1. How is the autumn personified in each if the stanzas ?
2. How is the nature presented in the poem ode to autumn ?
3. Why is the autumn called the season of mists and mellow fruitfulness ?
4. What are the autumn and spring conspiring ?
5. Why do the bees think that the warm days will never cease ?
Answers
Answer:
1) Also, the autumn is personified as having hair that is "soft-lifted by the winnowing wind." This is a beautiful personification in that the grains can be seen as hair wisped about by the "winnowing wind" or sifting wind.
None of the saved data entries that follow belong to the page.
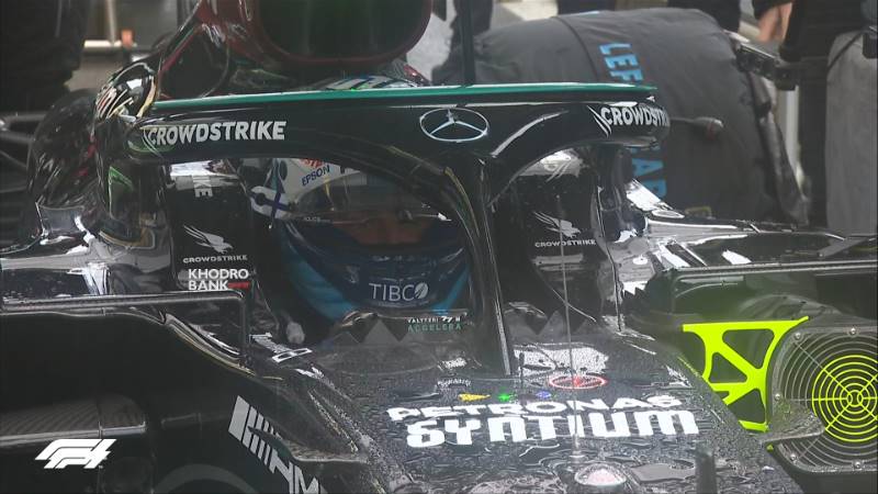 پس از تاخیر حدودا 30 دقیقهای تیمها دور گرم کردن یا فرمیشن لپ را پشت خودروی ایمنی آغاز کردند اما در میانه راه با توجه به وضعیت پیست و مقدار آب موجود پرچم قرمز به نمایش درآمد و به خودروها اعلام شد که به پیت برگردند.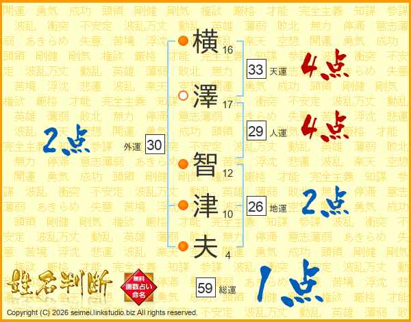横(16画)澤(17画) 智(12画)津(10画)夫(4画)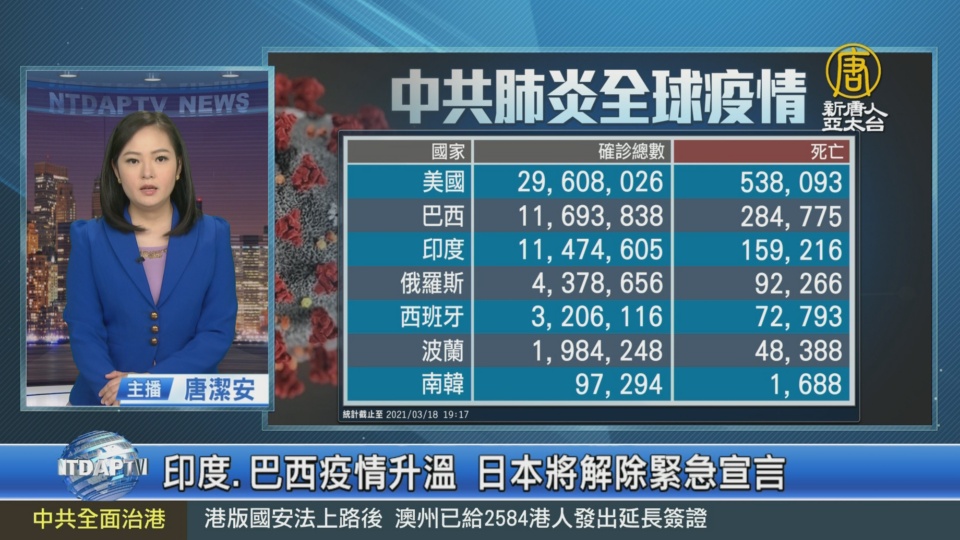 【新唐人亞太台 2021 年 03 月 18 日訊】來關心中共肺炎疫情最新情況,全球確診超過1億2千129萬人,死亡2百68萬2千多人。美國疫情逐漸趨緩,連續9星期確診數呈現下降趨勢。印度過去幾週,70個縣市通報的新增病例成長了150%。巴西多個地區通報的新病例數都創歷史新高,半數以上州份的醫院病床數幾乎滿床。波蘭疫情升溫,宣布從週六起實施部份封城3星期。聯合國最新的研究聲明指出,中共肺炎未來可能成為「季節性疾病」,呼籲不能因為氣候變化作為調整防疫措施的標準。西班牙發生3例民眾接種AZ疫苗後形成血栓個案,其中1人死亡,死因還在調查中。南韓出現第2例接種AZ疫苗後出現血栓的現象。日本政府決定,東京等首都圈1都3縣的緊急事態將如期在21日解除。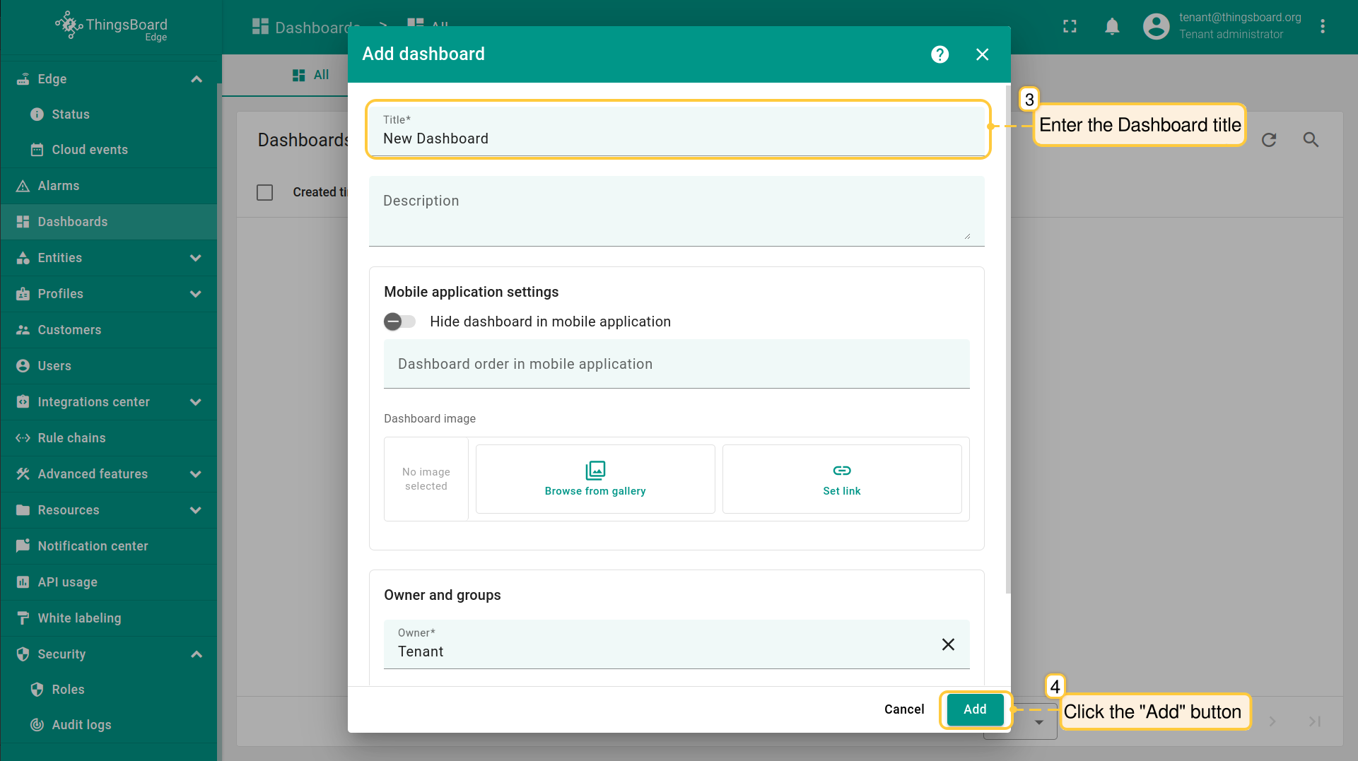 - In the pop-up window, enter a dashboard title. Other fields are optional. Click the "Add" button to proceed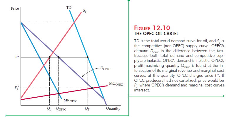ANALYZING OPEC Figure 12.10 illustrates the case of OPEC. Total demand TD is the total world demand curve for crude oil, and Sc is the competitive (non-OPEC) supply curve. The demand for OPEC oil DOPEC is the difference between total demand and competitive supply, and MROPEC is the corresponding marginal revenue curve. MCOPEC is OPEC’s marginal cost curve; as you can see, OPEC has much lower production costs than do non-OPEC producers. OPEC’s marginal revenue and marginal cost are equal at quantity QOPEC, which is the quantity that OPEC will produce. We see from OPEC’s demand curve that the price will be P*, at which competitive supply is Qc.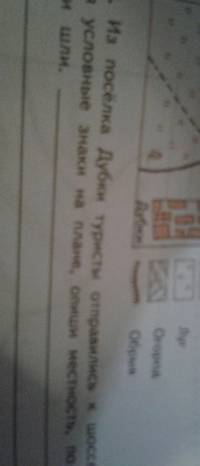 Из поселка Дубки туристы отправились к шоссе.Используя условные знаки на плане,опиши местность,по которой они шли.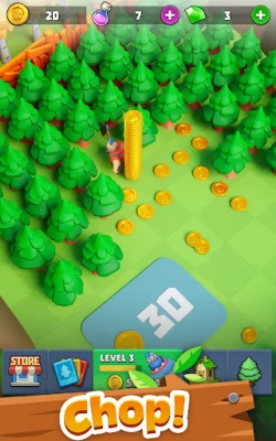 Collect gold to hire more lumberjacks! Merge them together and increase their power and efficiency. Break through difficult obstacles to collect Gold, Gems, and Energy and complete more levels.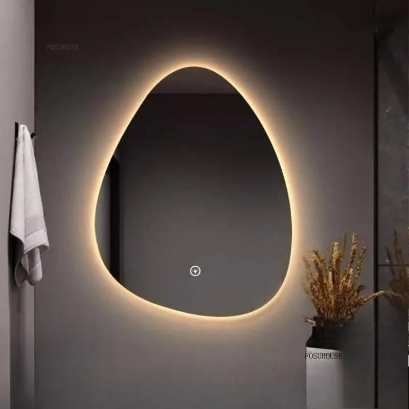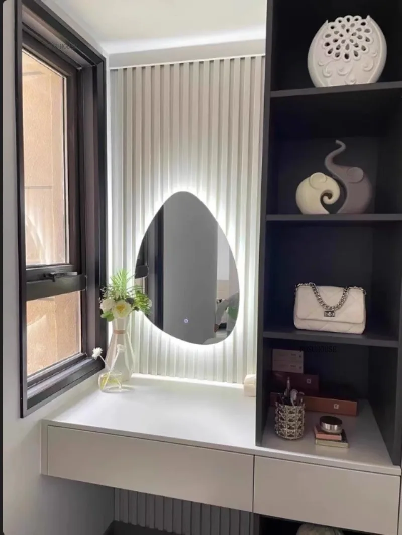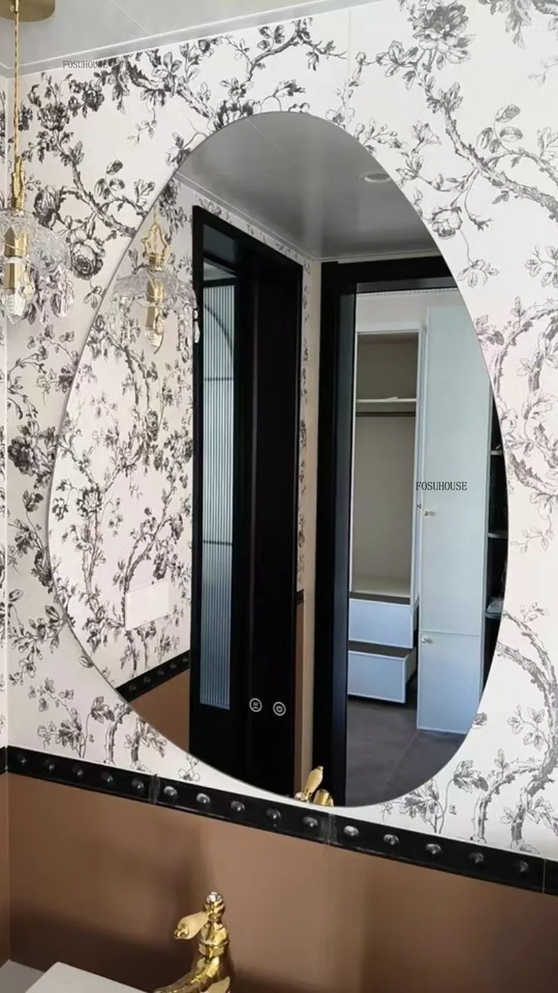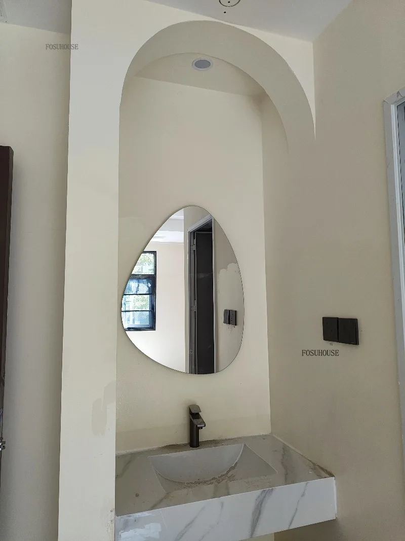 กระจกห้องน้ำ LED อัจฉริยะทันสมัย หน้าจอสัมผัส รูปทรงหยดน้ำ กระจกแต่งตัวในห้องน้ำโรงแรม พร้อมไฟ LED

In the last stanza, the autumn is personified as having her own music.
2) Nature is presented as rich, full, indolent, and beautifully melancholic in this poem celebrating autumn. In stanza 3, the focus turns to the sounds of autumn as evening falls. This is a melancholic time of "soft-dying day" and "rosy hues" as the sun sets, punctuated by the "wailful choir".
3) The speaker refers to Autumn as the "Season of mists and mellow fruitfulness" because he wishes to honor and compliment the season whose hallmarks some might see as less beautiful than "the songs of spring." On the contrary, this speaker feels that Autumn has its own "music" that is absolutely as lovely as Spring.
4) The Autumn and Spring are conspiring with each other plans to fill the earth with fruits and flowers with the coming of the Spring season.
5) For the bees, perhaps their "warm days will never cease" because those warm days have helped them to produce so much honey. In other words, while the warm days may literally disappear, they will live on in the form of the honey that they have helped the bees to produce.